● **To do**
Everything below from the line with "Bolígrafo con apertura" through the line with "Kurtka wyposażona w" should be copied exactly, and nothing else; leave out the pictures.
START Dataset content
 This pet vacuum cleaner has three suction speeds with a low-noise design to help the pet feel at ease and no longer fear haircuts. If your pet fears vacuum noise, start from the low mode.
END Dataset content
START Dataset content
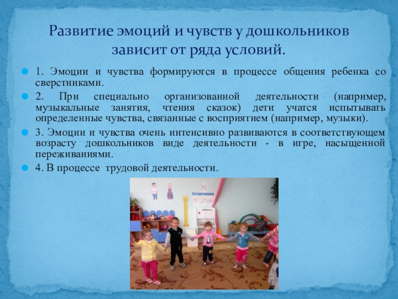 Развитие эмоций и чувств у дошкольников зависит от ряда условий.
END Dataset content
START Dataset content
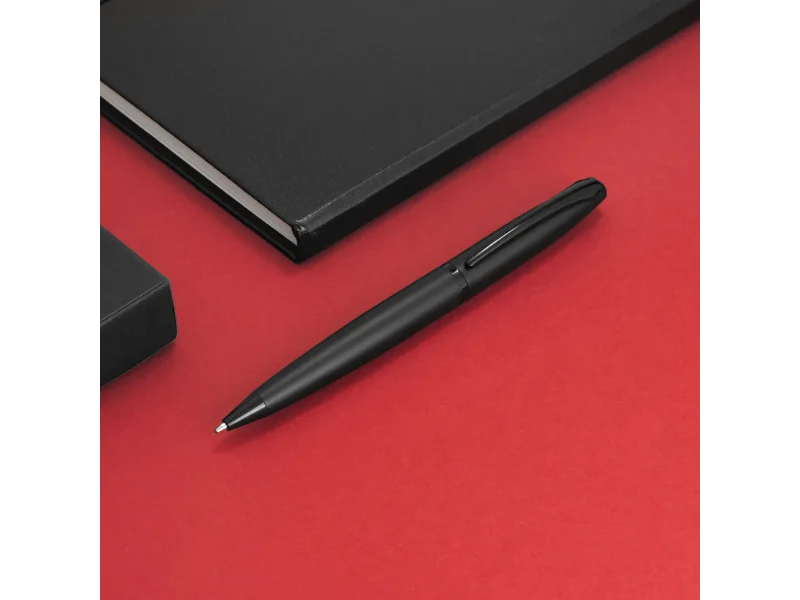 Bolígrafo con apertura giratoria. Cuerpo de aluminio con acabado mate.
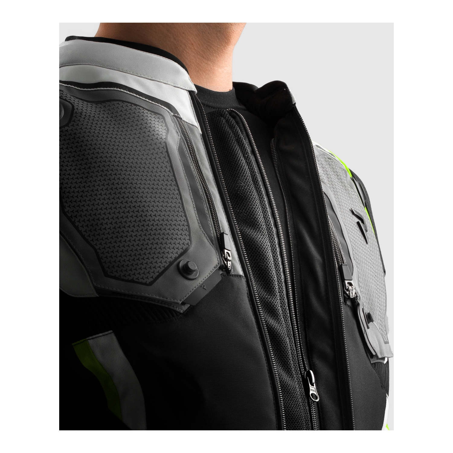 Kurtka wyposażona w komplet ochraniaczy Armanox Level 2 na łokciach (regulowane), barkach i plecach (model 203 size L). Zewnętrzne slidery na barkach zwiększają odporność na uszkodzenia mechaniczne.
END Dataset content
● **Reply to the task**
 Bolígrafo con apertura giratoria. Cuerpo de aluminio con acabado mate.
 Kurtka wyposażona w komplet ochraniaczy Armanox Level 2 na łokciach (regulowane), barkach i plecach (model 203 size L). Zewnętrzne slidery na barkach zwiększają odporność na uszkodzenia mechaniczne.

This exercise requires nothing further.